Canvas Data CLI - What am I missing?
- Mark as New
- Bookmark
- Subscribe
- Mute
- Subscribe to RSS Feed
- Permalink
- Report Inappropriate Content
CD-CLI:
Can sync by downloading and keeping every file on the local volume
- encumbers a ridiculous amount of disk space
Can fetch individual tables
- downloads all files for that table
- but for requests table, downloads every requests table file that hasn't expired
Can download a specific dump by id
- every file
There doesn't seem to be a way to
- Specify a list of tables I need to use and get all files for those tables
- Get the latest Requests files, without downloading previous increments, or every other table in the dump
Are these assumptions correct? Is there another way?
I'm coming at this a little biased. I currently use @James ' canvas data PHP code to load our data. His API is simple and fantastic, and I can pass an array of tables and skip over everything else I don't want. We don't have the space to store every table in the database, and it's silly to store every table file on a local volume just to handle a sync operation. I'm trying to move away from PHP* on our task server, many alternatives are better suited for this type of thing. I like the ease of the CLI and the responsive error messages, but it feels incomplete. Might try James' PERL script too, just tinkering with options at the moment.

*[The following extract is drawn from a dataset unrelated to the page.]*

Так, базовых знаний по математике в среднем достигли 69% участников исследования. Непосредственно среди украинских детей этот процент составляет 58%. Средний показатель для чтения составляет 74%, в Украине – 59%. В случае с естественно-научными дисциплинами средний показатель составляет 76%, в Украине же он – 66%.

I also read through Canvas Data CLI: Incremental load of Requests table
I've been working my way around this today with a little bash scripting...

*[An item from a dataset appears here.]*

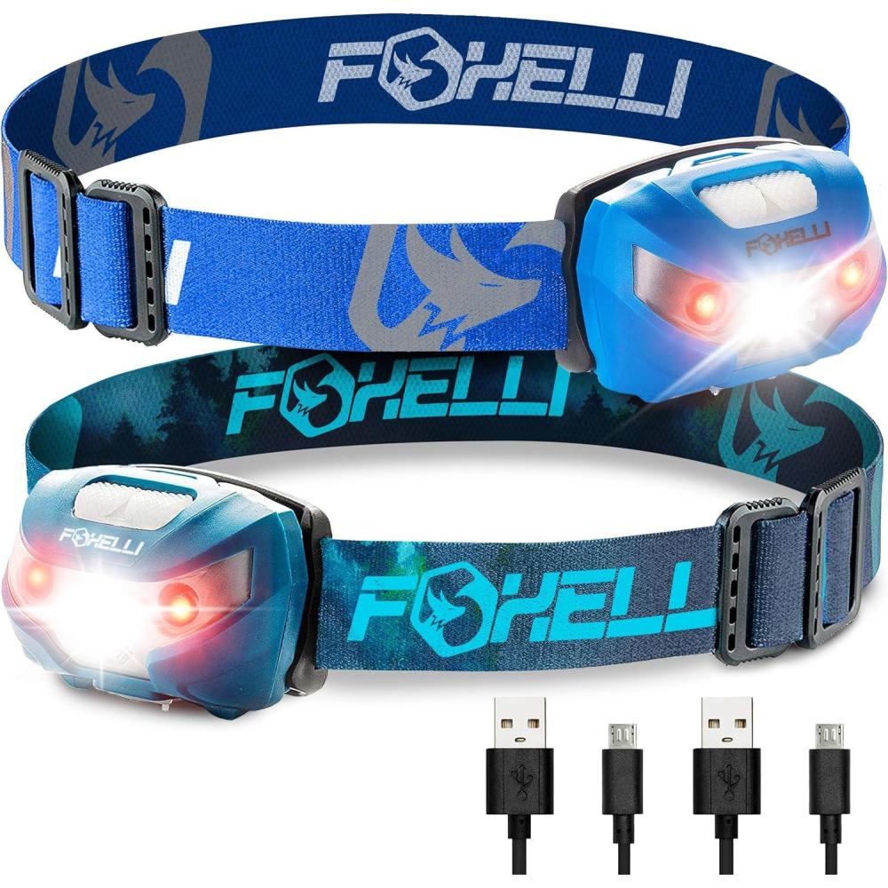Foxelli Rechargeable Headlamp Bundle of 2 – Blue & Forest: Super Bright LED Head Lamps, Lightweight & Comfortable for Running, Camping, Hiking & Work

- fetch-tables.txt is just a file with the tables I want to download, 1 per line.
- download all files for each table
- delete the files from the requests not from the current dump sequence
- unpack
#!/bin/bash
# robert carroll, ccsd-k12-obl
DOWNLOAD_DIR='/canvas/data/files-downloaded'
# clear old files
rm -rf "$DOWNLOAD_DIR/*"
# get the latest schema for unpacking
wget "https://portal.inshosteddata.com/api/schema/latest" -O "$DOWNLOAD_DIR/schema.json"

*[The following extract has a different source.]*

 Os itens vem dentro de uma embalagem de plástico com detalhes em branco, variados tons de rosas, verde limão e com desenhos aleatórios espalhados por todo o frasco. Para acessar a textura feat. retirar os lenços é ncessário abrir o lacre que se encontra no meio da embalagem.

# read table list into array
mapfile -t TABLES < fetch-tables.txt
# loop through tables array
for i in "${TABLES[@]}"
do
# fetch table files
canvasDataCli fetch -c config.js -t $i | sed "s/$/: $i/g";
if [ "$i" == "requests" ]; then
# get the most recent sequence id, latest dump
sequence_id=$(canvasDataCli list -c config.js -j | python -c 'import json,sys;obj=json.load(sys.stdin);print obj[0]["sequence"]');
# delete all request files not from the latest dump
find "$DOWNLOAD_DIR/$i" -type f ! -name "$sequence_id-*.gz" -delete;
fi
done
# unpack files
echo 'unpacking files'
UNPACK=$(IFS=' ' eval 'echo "${TABLES[*]}"');
canvasDataCli unpack -c config.js -f $UNPACK;
# eof
Was having issues with unpacking all files at the end, because the documentation shows comma separation on the tables... but needs spaces. canvasDataCli unpacking & adding headers
CLI readme also says you can only Unpack after a Sync operation... which I found is only because it needs the schema.json file, which I download on line 8 with wget.
Next I'd be using James' bash import.sh, which I currently use but swapped in MSSQL via MS/BCP;
I'd love to know how any one else is dealing with this or what suggestions you might have.